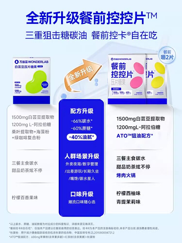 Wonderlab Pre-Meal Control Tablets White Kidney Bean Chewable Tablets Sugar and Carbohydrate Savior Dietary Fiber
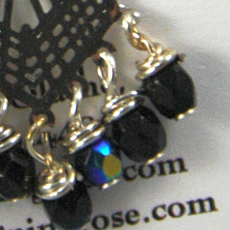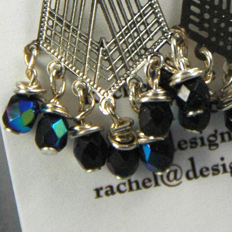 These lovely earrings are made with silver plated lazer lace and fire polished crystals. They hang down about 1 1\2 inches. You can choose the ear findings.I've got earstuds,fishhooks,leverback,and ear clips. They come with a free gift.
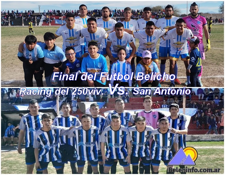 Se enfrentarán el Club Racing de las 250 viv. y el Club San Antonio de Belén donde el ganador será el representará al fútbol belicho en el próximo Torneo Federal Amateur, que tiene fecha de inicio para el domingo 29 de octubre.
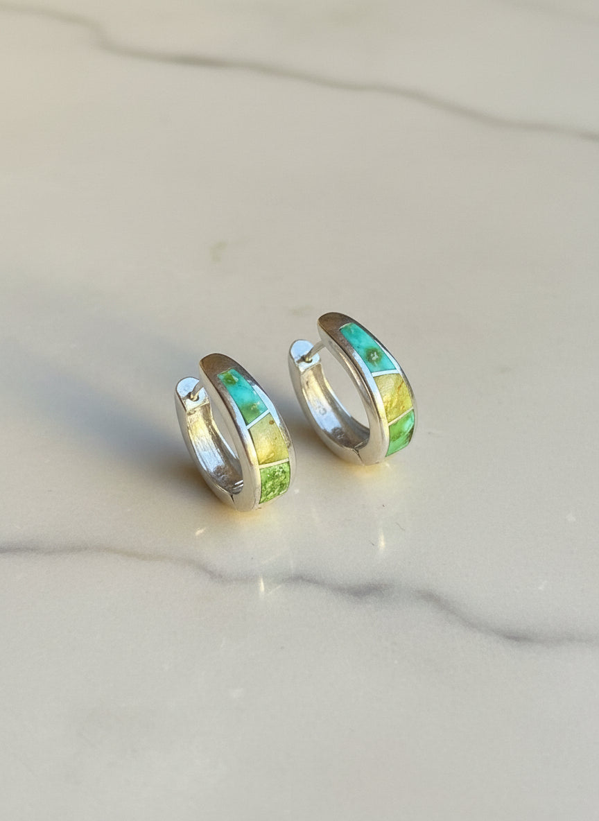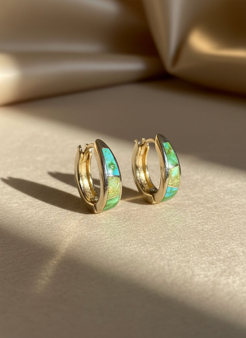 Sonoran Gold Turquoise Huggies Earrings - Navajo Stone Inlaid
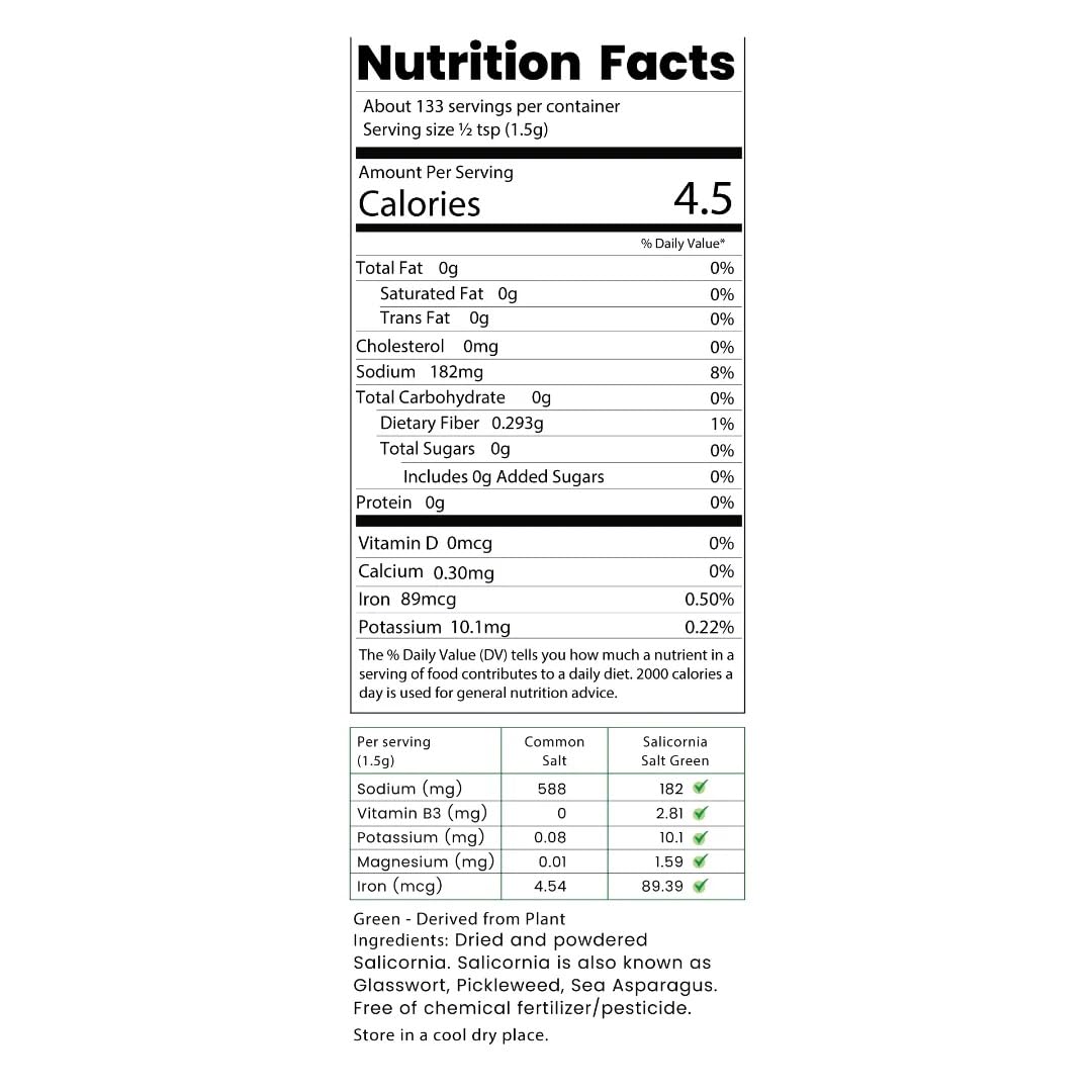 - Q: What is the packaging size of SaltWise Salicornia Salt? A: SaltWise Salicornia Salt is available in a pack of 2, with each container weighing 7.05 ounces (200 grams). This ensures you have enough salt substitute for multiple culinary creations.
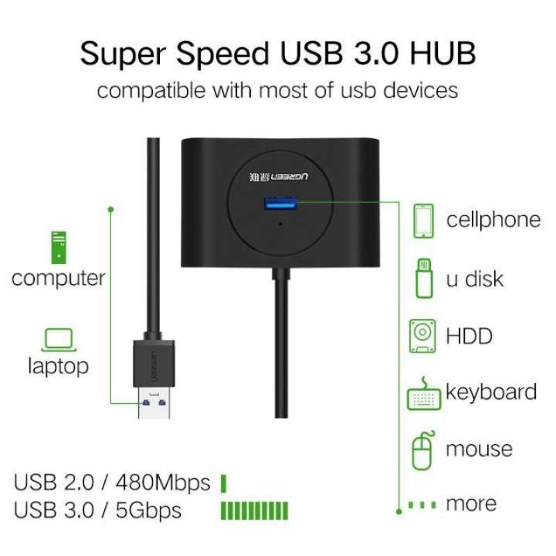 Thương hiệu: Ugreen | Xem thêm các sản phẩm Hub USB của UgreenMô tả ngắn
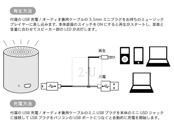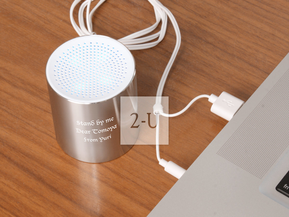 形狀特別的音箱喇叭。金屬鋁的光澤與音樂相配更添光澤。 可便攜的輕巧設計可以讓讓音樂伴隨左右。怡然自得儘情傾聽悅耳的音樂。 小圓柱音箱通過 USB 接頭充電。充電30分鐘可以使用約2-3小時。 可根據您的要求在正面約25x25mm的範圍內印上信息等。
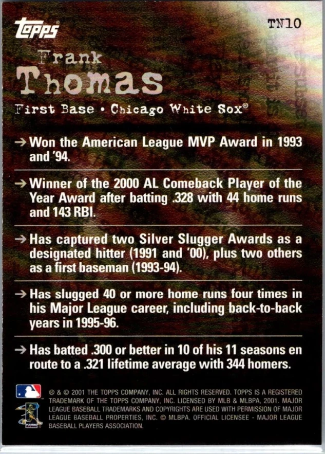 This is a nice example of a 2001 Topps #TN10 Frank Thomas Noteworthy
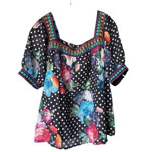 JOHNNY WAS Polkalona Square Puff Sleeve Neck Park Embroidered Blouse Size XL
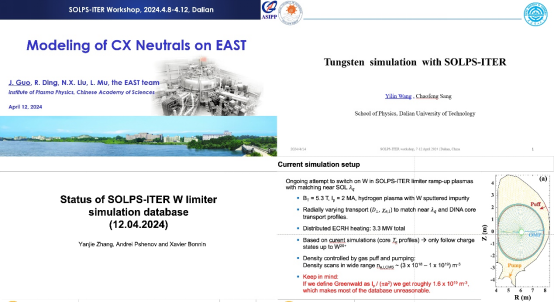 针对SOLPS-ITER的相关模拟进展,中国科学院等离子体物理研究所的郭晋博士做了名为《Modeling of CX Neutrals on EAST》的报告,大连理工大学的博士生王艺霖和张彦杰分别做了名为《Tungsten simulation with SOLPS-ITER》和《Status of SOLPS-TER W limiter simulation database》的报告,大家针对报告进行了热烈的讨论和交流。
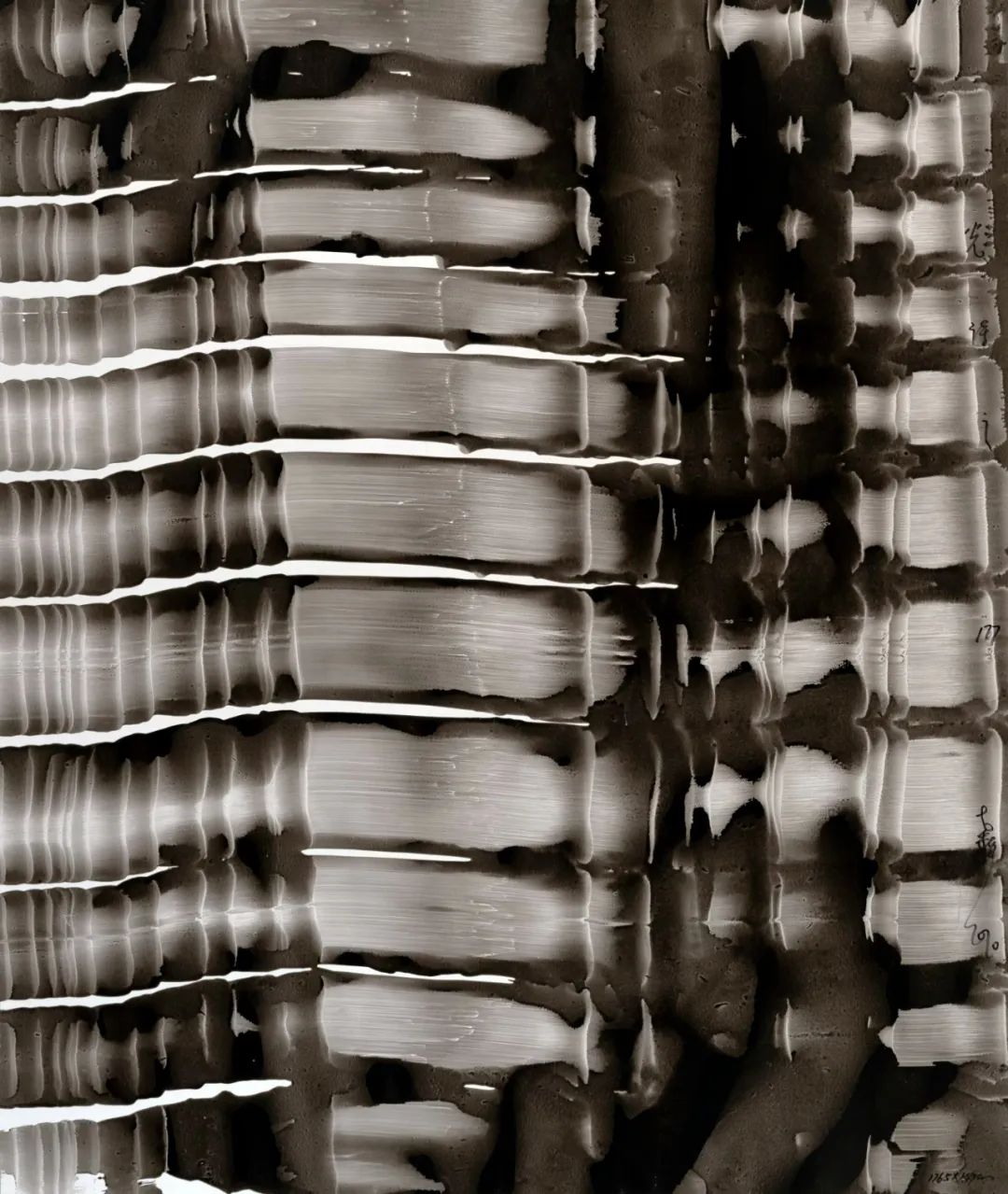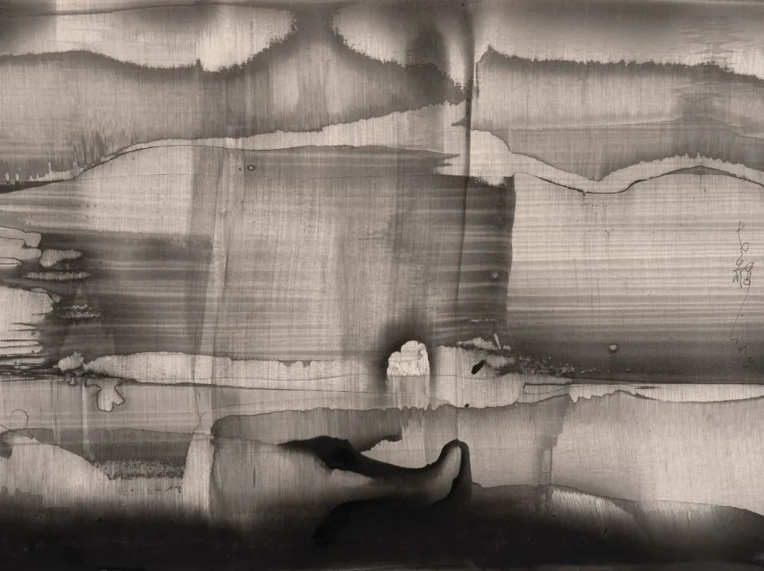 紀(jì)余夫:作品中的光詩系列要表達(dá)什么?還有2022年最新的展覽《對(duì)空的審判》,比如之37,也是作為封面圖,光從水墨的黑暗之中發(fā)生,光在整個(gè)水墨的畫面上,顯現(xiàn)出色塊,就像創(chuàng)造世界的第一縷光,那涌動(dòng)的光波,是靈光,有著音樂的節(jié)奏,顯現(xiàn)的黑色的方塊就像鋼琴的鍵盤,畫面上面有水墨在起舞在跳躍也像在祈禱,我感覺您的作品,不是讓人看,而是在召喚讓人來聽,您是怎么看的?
________________________
• [PROMPT]: Write every record out again exactly, omitting the pictures they hold.

• [PROBLEM SOLUTION]:
 Wonderlab Pre-Meal Control Tablets White Kidney Bean Chewable Tablets Sugar and Carbohydrate Savior Dietary Fiber
 These lovely earrings are made with silver plated lazer lace and fire polished crystals. They hang down about 1 1\2 inches. You can choose the ear findings.I've got earstuds,fishhooks,leverback,and ear clips. They come with a free gift.
 Se enfrentarán el Club Racing de las 250 viv. y el Club San Antonio de Belén donde el ganador será el representará al fútbol belicho en el próximo Torneo Federal Amateur, que tiene fecha de inicio para el domingo 29 de octubre.
 Sonoran Gold Turquoise Huggies Earrings - Navajo Stone Inlaid
 - Q: What is the packaging size of SaltWise Salicornia Salt? A: SaltWise Salicornia Salt is available in a pack of 2, with each container weighing 7.05 ounces (200 grams). This ensures you have enough salt substitute for multiple culinary creations.
 Thương hiệu: Ugreen | Xem thêm các sản phẩm Hub USB của UgreenMô tả ngắn
 形狀特別的音箱喇叭。金屬鋁的光澤與音樂相配更添光澤。 可便攜的輕巧設計可以讓讓音樂伴隨左右。怡然自得儘情傾聽悅耳的音樂。 小圓柱音箱通過 USB 接頭充電。充電30分鐘可以使用約2-3小時。 可根據您的要求在正面約25x25mm的範圍內印上信息等。
 This is a nice example of a 2001 Topps #TN10 Frank Thomas Noteworthy
 JOHNNY WAS Polkalona Square Puff Sleeve Neck Park Embroidered Blouse Size XL
 针对SOLPS-ITER的相关模拟进展,中国科学院等离子体物理研究所的郭晋博士做了名为《Modeling of CX Neutrals on EAST》的报告,大连理工大学的博士生王艺霖和张彦杰分别做了名为《Tungsten simulation with SOLPS-ITER》和《Status of SOLPS-TER W limiter simulation database》的报告,大家针对报告进行了热烈的讨论和交流。
 紀(jì)余夫:作品中的光詩系列要表達(dá)什么?還有2022年最新的展覽《對(duì)空的審判》,比如之37,也是作為封面圖,光從水墨的黑暗之中發(fā)生,光在整個(gè)水墨的畫面上,顯現(xiàn)出色塊,就像創(chuàng)造世界的第一縷光,那涌動(dòng)的光波,是靈光,有著音樂的節(jié)奏,顯現(xiàn)的黑色的方塊就像鋼琴的鍵盤,畫面上面有水墨在起舞在跳躍也像在祈禱,我感覺您的作品,不是讓人看,而是在召喚讓人來聽,您是怎么看的?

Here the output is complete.